### What you should do:
The copy should hold exactly the lines below from the one that contains "現場親方ブログ2025.08.07宝塚市 I様邸 外壁中塗り外壁中塗りこんにちは!にこにこリフォーム" through the one that contains "Lange™ | Tyylikäs" and nothing else, so no pictures.

### Task data:
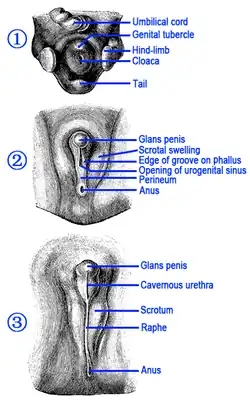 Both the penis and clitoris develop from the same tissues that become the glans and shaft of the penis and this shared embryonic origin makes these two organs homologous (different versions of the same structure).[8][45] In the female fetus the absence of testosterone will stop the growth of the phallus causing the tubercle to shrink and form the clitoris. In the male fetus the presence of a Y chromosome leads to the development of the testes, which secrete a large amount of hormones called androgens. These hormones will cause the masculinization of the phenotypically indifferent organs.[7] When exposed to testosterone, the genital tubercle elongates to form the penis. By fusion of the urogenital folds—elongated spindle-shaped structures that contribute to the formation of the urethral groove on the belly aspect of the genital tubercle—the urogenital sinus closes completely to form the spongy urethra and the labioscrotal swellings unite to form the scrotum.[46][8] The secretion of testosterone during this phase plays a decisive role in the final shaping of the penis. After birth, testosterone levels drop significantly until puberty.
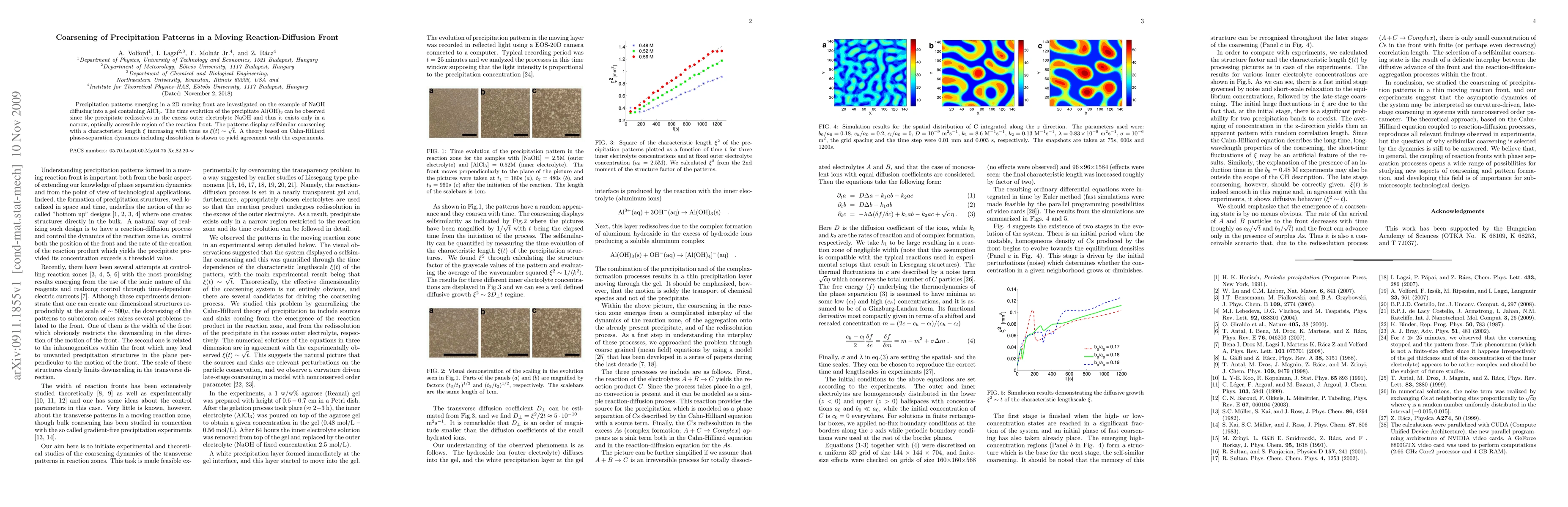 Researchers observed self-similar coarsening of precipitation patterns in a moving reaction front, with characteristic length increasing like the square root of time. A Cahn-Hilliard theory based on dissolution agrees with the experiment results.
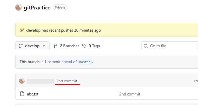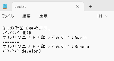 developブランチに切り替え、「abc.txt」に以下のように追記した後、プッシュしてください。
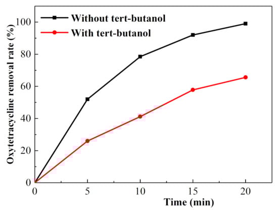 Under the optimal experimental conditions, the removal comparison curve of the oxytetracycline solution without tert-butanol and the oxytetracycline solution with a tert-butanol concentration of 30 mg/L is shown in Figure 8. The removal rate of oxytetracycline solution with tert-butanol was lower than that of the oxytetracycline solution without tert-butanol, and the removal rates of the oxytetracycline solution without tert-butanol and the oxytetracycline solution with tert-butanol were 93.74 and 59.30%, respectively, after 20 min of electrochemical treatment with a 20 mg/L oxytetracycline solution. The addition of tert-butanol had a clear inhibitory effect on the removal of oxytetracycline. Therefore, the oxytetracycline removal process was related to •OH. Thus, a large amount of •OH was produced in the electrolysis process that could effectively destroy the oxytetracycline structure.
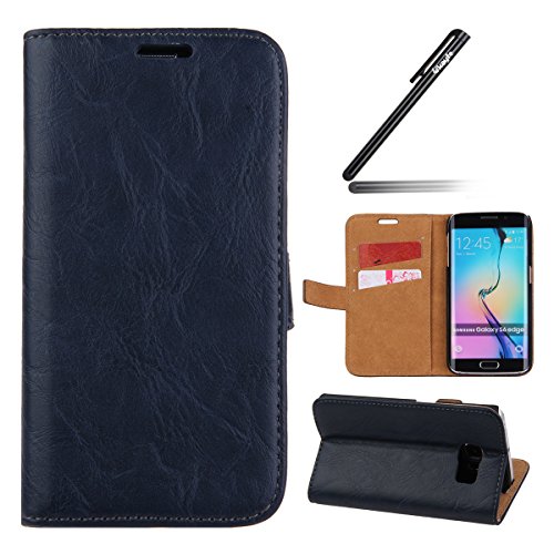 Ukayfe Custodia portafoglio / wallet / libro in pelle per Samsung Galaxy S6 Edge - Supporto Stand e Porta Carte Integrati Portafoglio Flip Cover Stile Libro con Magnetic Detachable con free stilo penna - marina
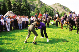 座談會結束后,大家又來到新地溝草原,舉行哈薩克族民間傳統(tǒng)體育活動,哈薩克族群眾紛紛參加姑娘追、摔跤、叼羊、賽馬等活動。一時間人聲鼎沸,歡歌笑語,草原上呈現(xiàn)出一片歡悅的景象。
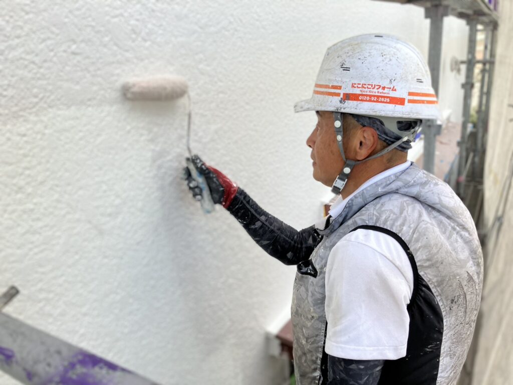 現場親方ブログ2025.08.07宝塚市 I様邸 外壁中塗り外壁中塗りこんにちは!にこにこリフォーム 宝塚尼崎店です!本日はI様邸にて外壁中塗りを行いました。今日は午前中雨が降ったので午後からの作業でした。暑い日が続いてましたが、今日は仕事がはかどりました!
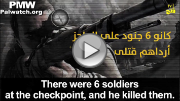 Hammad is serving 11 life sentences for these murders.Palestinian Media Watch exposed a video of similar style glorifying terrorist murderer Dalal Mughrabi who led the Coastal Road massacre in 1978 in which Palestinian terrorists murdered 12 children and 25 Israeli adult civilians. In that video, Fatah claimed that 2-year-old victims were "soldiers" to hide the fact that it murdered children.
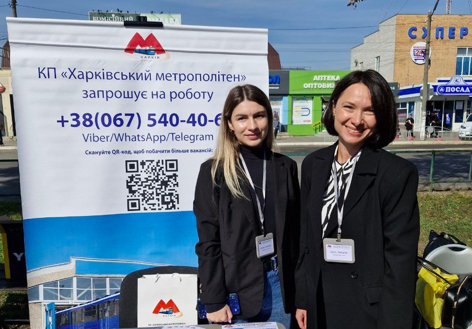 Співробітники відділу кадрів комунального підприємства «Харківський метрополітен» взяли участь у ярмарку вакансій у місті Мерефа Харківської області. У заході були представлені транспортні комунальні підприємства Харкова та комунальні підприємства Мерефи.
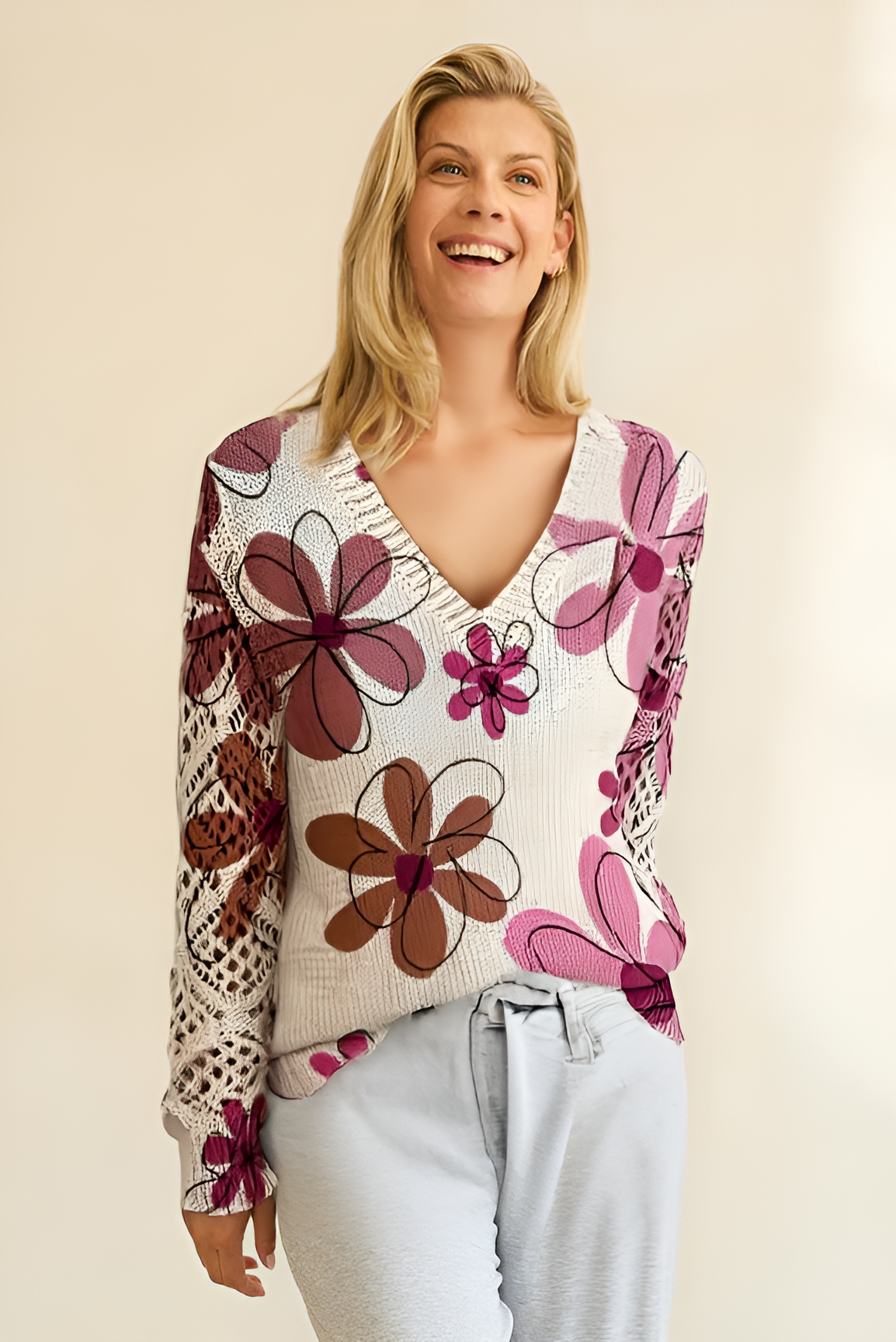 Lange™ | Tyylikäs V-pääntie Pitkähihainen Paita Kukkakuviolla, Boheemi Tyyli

...

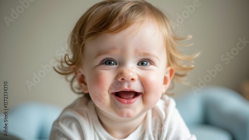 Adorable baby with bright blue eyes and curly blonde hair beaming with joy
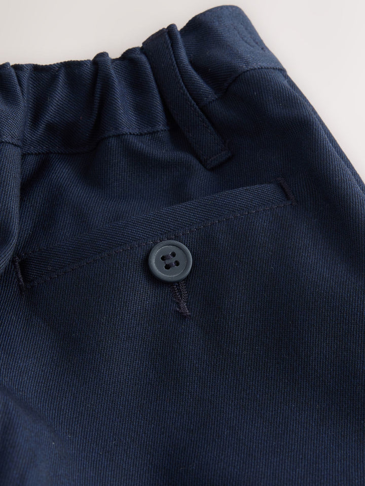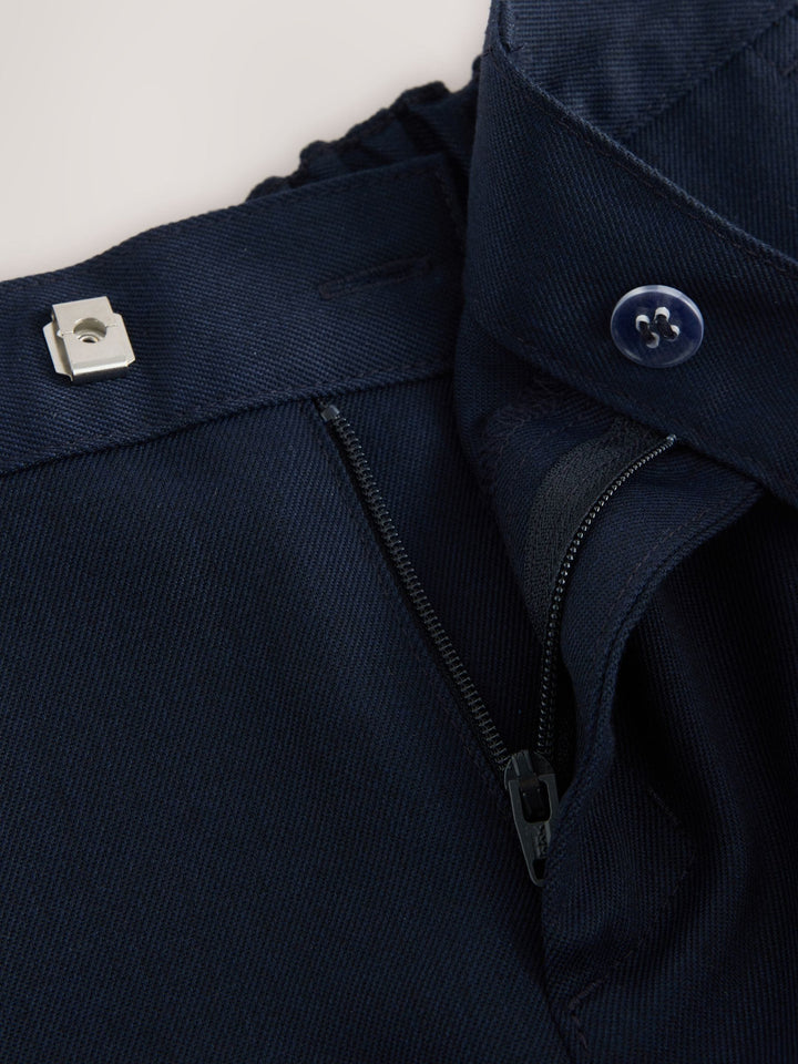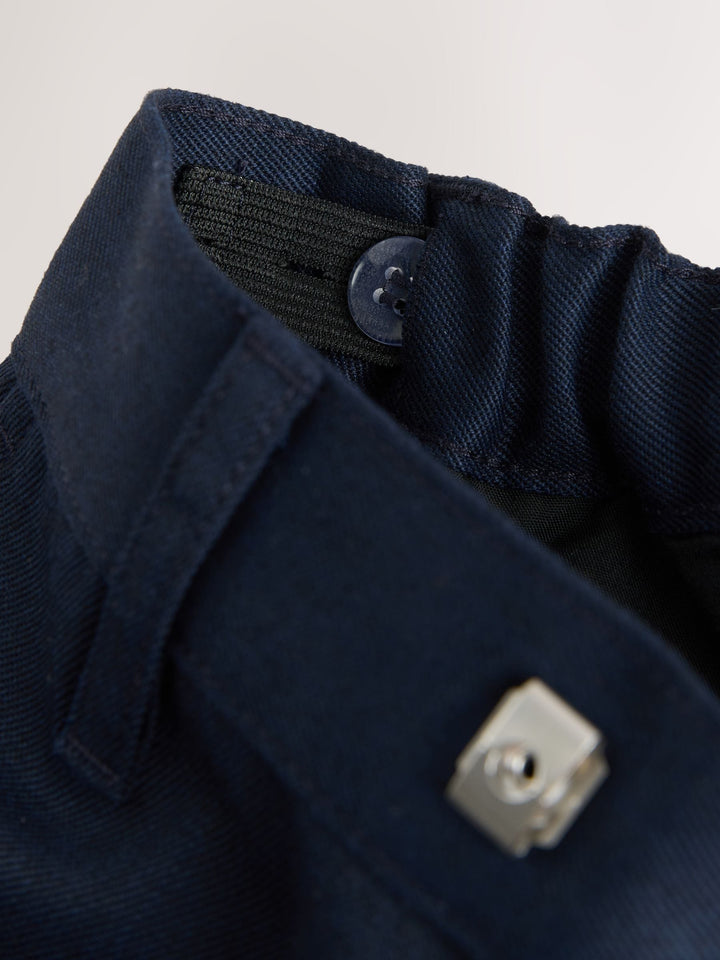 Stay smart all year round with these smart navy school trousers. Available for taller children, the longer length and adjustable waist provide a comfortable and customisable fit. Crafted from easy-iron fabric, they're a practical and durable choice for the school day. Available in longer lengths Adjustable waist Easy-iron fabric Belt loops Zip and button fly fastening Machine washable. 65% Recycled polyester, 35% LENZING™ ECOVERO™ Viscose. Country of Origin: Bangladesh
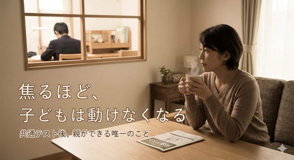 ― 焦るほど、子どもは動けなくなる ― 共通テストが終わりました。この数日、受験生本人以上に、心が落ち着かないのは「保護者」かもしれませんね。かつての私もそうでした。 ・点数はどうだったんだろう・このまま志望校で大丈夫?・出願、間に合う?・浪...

### Response area:
 現場親方ブログ2025.08.07宝塚市 I様邸 外壁中塗り外壁中塗りこんにちは!にこにこリフォーム 宝塚尼崎店です!本日はI様邸にて外壁中塗りを行いました。今日は午前中雨が降ったので午後からの作業でした。暑い日が続いてましたが、今日は仕事がはかどりました!
 Hammad is serving 11 life sentences for these murders.Palestinian Media Watch exposed a video of similar style glorifying terrorist murderer Dalal Mughrabi who led the Coastal Road massacre in 1978 in which Palestinian terrorists murdered 12 children and 25 Israeli adult civilians. In that video, Fatah claimed that 2-year-old victims were "soldiers" to hide the fact that it murdered children.
 Співробітники відділу кадрів комунального підприємства «Харківський метрополітен» взяли участь у ярмарку вакансій у місті Мерефа Харківської області. У заході були представлені транспортні комунальні підприємства Харкова та комунальні підприємства Мерефи.
 Lange™ | Tyylikäs V-pääntie Pitkähihainen Paita Kukkakuviolla, Boheemi Tyyli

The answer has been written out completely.